福居“TCGコネクト”のほうは、海外での展開を前向きに検討しています。ちなみに、『デジモンカードゲーム』は海外でもプレセールが行われていて、とくにアメリカやヨーロッパなどで好調です。“オンラインロビー”のほうは、まずは日本でやってみてから……という感じですね。
――“オンラインロビー”の海外展開は、スタッフの確保がたいへんそうですね。
福居そうですね。そこは、先ほどお話しした公認プレイヤーのような制度が軌道に乗って、それぞれの地域でイベントを開いてもらえるというところまで行ければいいかなと思っています。そこまでの規模になれば、“オンラインロビー”も常設できるのかなと考えています。

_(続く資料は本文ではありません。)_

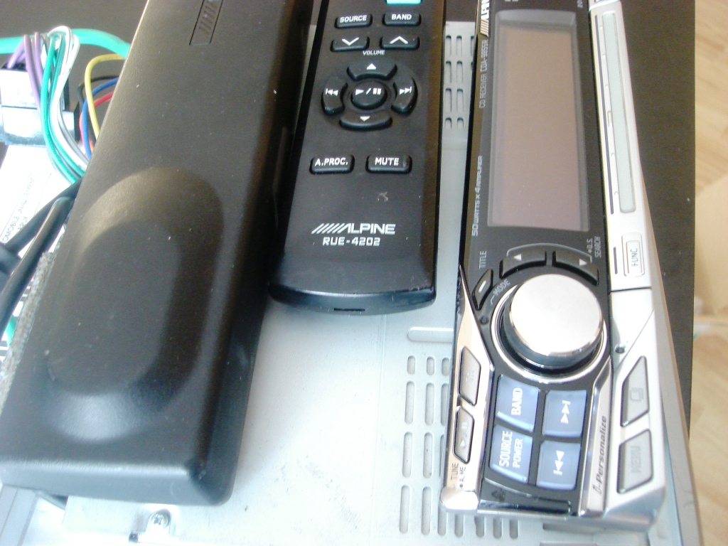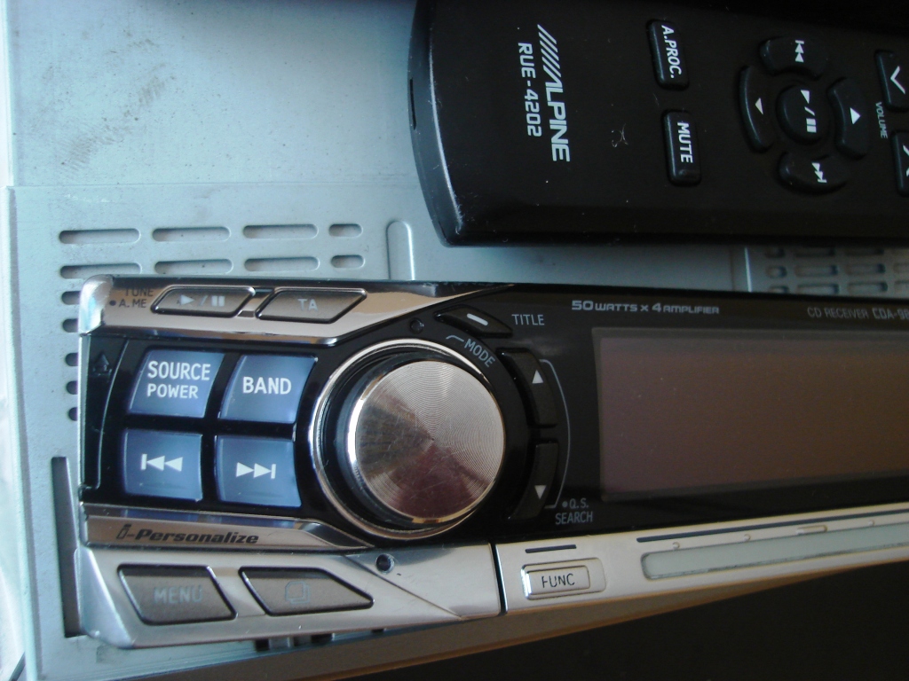 Alpine CDA-9855R, в хорошем состоянии,полный комплект: голова, шахта, рамка,провода, футляр, пульт, инструкция, немного затерта кнопка FUNC , и есть потертости в левом верхнем углу , работает без проблем, диски читает нормально, панель работает нормально.

――わかりました。最後に、TCGファンに向けてメッセージをお願いします。
福居こういうコロナ禍にあって、新しいサービスに取り組んでいるのですが、ぜひ一度遊びに来ていただきたいです。「いまにTCGってこんなことをやっているんだ」と、見ていただくだけでも楽しんでいただける環境を作れたかなと思っているので、TCGプレイヤーの方はもちろん、“オンラインロビー”のドット絵を見て、ちょっと興味を持ったという方も、ご自身のアバターを作って会場をうろうろしてみてください。
天野福居さんとはカードバトルをイベントとしてより楽しんでもらえるような演出も入れていこうというお話をしています。カヤックとしては、そのあたりもお手伝いできればと思っていますので、ご期待ください。
福居“オンラインロビー”で音楽イベントを行って、アバターたちが踊るみたいなこともやりたいですね!